WildEarth Guardians Confronts Fracking, Launches Enforcement Initiative

WildEarth Guardians has embarked upon a new campaign leveraging the federal Clean Air Act to protect the Denver Metro Area and Colorado’s Front Range from unchecked and out of control fracking.

For too long, state and federal regulators have allowed the oil and gas industry to run roughshod over people and communities from Denver to Fort Collins and everywhere in between. The result? A dangerous smog problem, toxic emissions, oil and gas wells next to homes and playgrounds, and fracking that is going virtually unmonitored.

The Governor of Colorado and the State Legislature thankfully are moving to confront some of these issues, but a full solution to the oil and gas problem plaguing the Front Range requires more aggressive advocacy and legal action.

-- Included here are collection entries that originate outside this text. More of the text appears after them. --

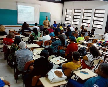 Cooperativa Reciclando para Viver entende que a reciclagem vai muito além do trabalho com os materiais: ela é instrumento de conhecimento, autonomia e cidadania. Por isso, investimos na formação contínua de catadoras e catadores, fortalecendo a organização coletiva e a valorização da categoria.
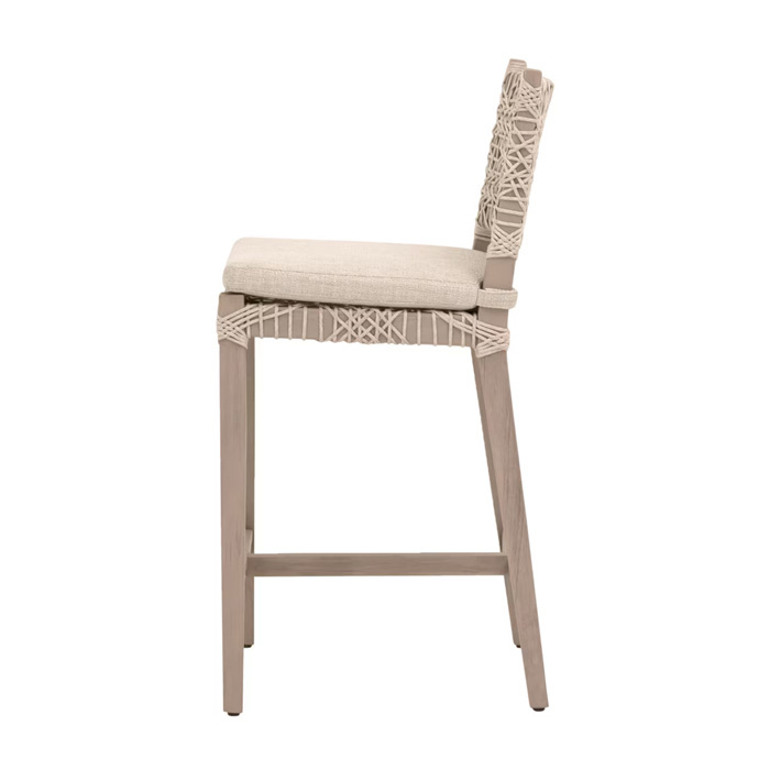 Outdoor suitable. Teak frame in Washed Ever finish, Polyolefin rope, and 100% Olefin performance fabric. Due to natural materials used, changes in tone and texture will occur over time.
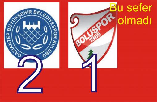 Son dakikalarda Caner ve Ferhat Kiraz'ın önemli pozisyonlarından yararlanamayan Boluspor bu sefer son dakika golü bulamadı. 10 kişi kalan Gaziantep Büyükşehir Belediyespor'a deplasmanda malup oldu.
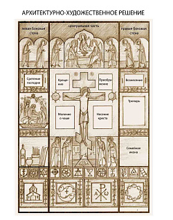 После переговоров с заказчиком, главный художник приступила к выполнению эскиза. Было сделано несколько вариантов. Но в результате заказчику понравилось решение с резным распятием, и писаными иконами двунадесятых праздников, святой Троицы с предстоящими пророками, семейной иконы.

Oil and gas well site less than 100 feet from homes in Windsor, Colorado.

Given this, we’re putting into action our Colorado Front Range Oil and Gas Clean Air Enforcement Initiative.

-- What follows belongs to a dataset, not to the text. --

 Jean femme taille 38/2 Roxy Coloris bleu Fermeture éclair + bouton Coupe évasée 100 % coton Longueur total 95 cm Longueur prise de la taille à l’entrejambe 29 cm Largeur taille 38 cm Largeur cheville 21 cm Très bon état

Similar to the way state and federal regulators undertake enforcement initiatives (like the U.S. Environmental Protection Agency’s coal-fired power plant enforcement initiative), WildEarth Guardians is making it a priority to confront the impacts of fracking to clean air along the Front Range.

We’re doing this in four critical ways:

1.  Confronting Federal Fracking Approvals

First, we’re confronting federal fracking approvals throughout the Front Range region.

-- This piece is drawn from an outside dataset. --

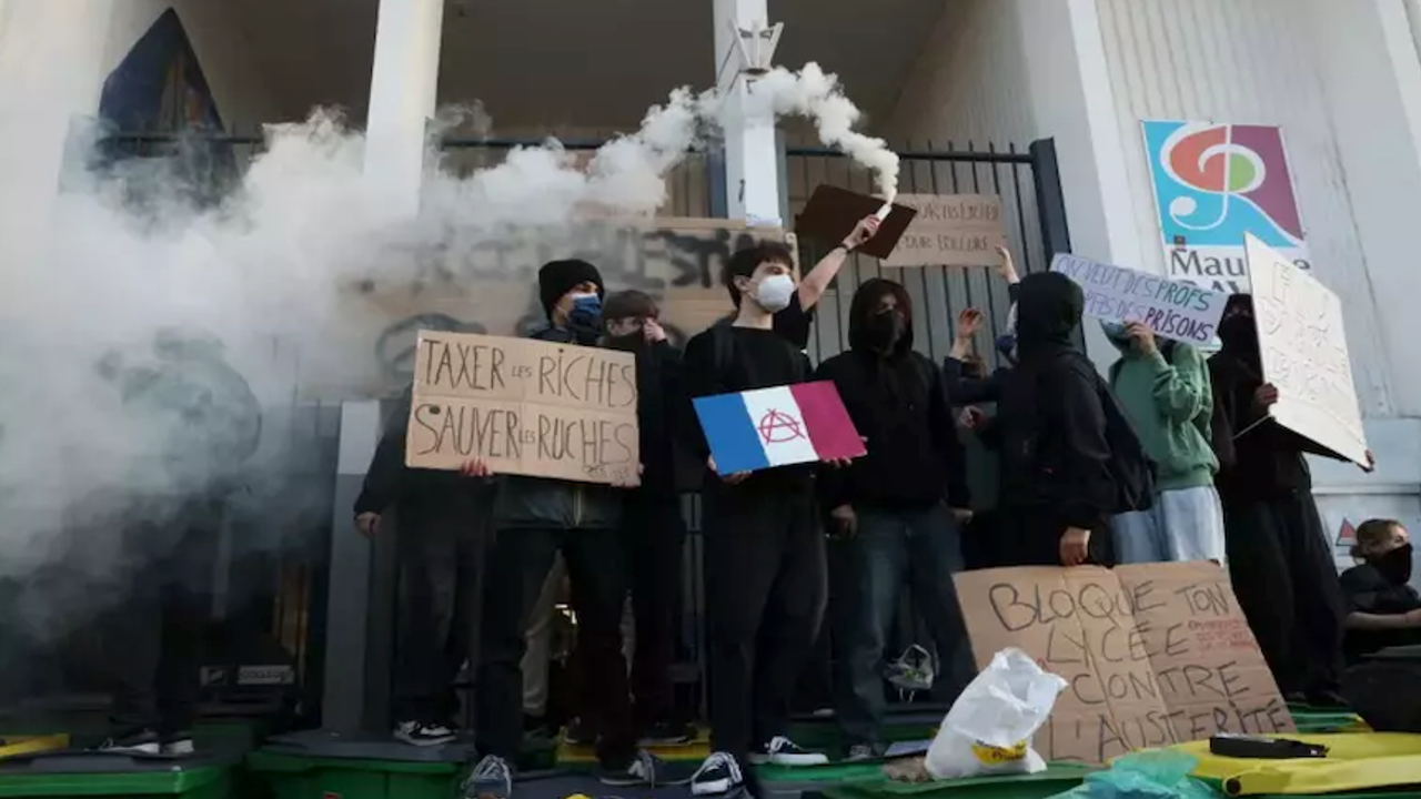 Lyon'da Place Jean Mace Meydanı'nda toplanan göstericiler - Pankart ve bayraklarla yürüyen göstericiler . Fransa'nın Lyon kentinde yüzlerce kişi, Place Jean Mace Meydanı'nda bütçe kesintilerini protesto etmek için bir araya geldi. Ülke genelinde 240'tan fazla gösteri düzenleyen sendikalar, vergi adaleti talebinde bulundu. Gazze destekçisi gruplar da gösteride yer aldı.

It surprises people to know that in this region, there are extensive deposits of publicly owned oil and gas managed by the U.S. Bureau of Land Management. The agency regularly sells the rights for company’s to develop these deposits and rubberstamps drilling and fracking permits.

We’ve been pushing back against these fracking approvals, challenging the failure of the Bureau of Land Management to meet federal Clean Air Act requirements limiting federal approvals that would worsen air quality.

Most recently, we launched a legal challenge to 38 new wells that would frack under the town of Brighton just north of Denver. We’re also in the midst of challenging another 58 wells that were approved east of the town of Greeley, about 60 miles north of Denver.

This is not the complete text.